The morning coffee. I’m not sure why I drink it. Maybe it’s the ritual of the cup, the spoon, the hot water, the milk, and the little heap of brown grit, the way they come together to form a nail I can hang the day on. It’s something to do between being asleep and being awake. Surely there’s something better to do, though, than to drink a cup of instant coffee. Such as meditate? About what? About having a cup of coffee. A cup of coffee whose first drink is too hot and whose last drink is too cool, but whose many in-between drinks are, like Baby Bear’s por- ridge, just right. Papa Bear looks disgruntled. He removes his spectacles and swivels his eyes onto the cup that sits before Baby Bear, and then, after a discrete cough, reaches over and picks it up. Baby Bear doesn’t understand this disruption of the morning routine. Papa Bear brings the cup close to his face and peers at it intently. The cup shatters in his paw, explodes actually, sending fragments and brown liquid all over the room.

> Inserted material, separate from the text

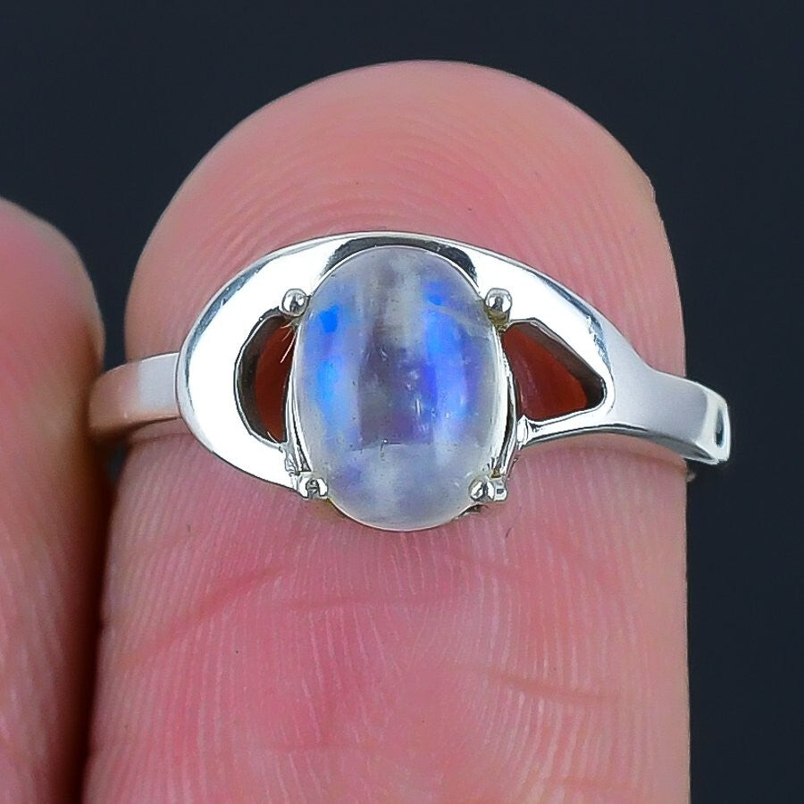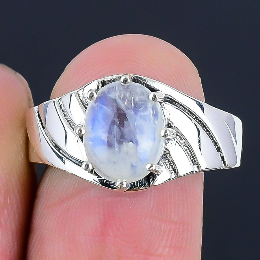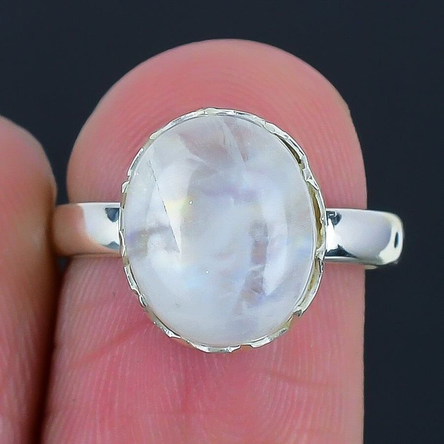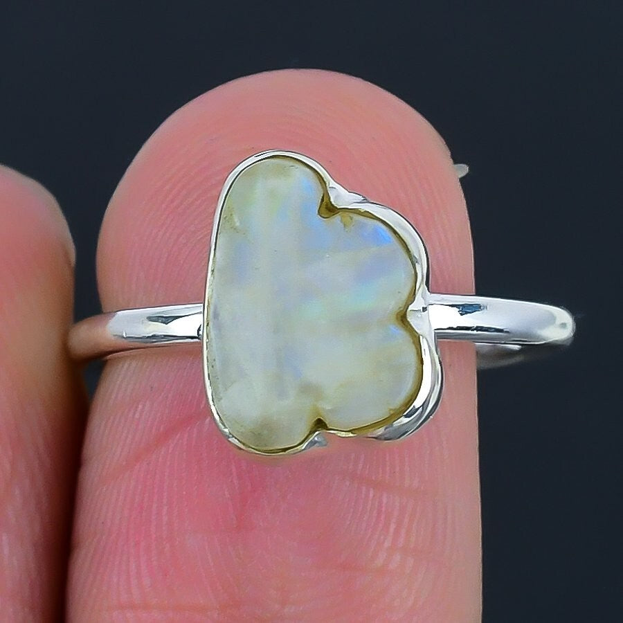 Rainbow Rainbow Moonstone Stone Handmade Trendy Cluster Ring Size 8 Solid Silver

In a way it’s good that Mama Bear isn’t there. Better that she rest in her grave beyond the garden, unaware of what has happened to the world.

from Collected Poems
(Coffee House Press, 2013)

Spring, by Linda Pastan

Spring
by Linda Pastan

Just as we lose hope
she ambles in,
a late guest
dragging her hem
of wildflowers,
her torn
veil of mist,
of light rain,
blowing
her dandelion
breath
in our ears;
and we forgive her,
turning from
chilly winter
ways,
we throw off
our faithful
sweaters
and open
our arms.

from Heroes in Disguise
(W.W. Norton, 1991)

Mid-August at Sourdough Mountain Lookout, by Gary Snyder

Mid-August at Sourdough Mountain Lookout
by Gary Snyder

Down valley a smoke haze
Three days heat, after five days rain
Pitch glows on the fir-cones
Across rocks and meadows
Swarms of new flies.

I cannot remember things I once read
A few friends, but they are in cities.
Drinking cold snow-water from a tin cup
Looking down for miles
Through high still air.

from Riprap and Cold Mountain Poems, 50th Anniv. ed.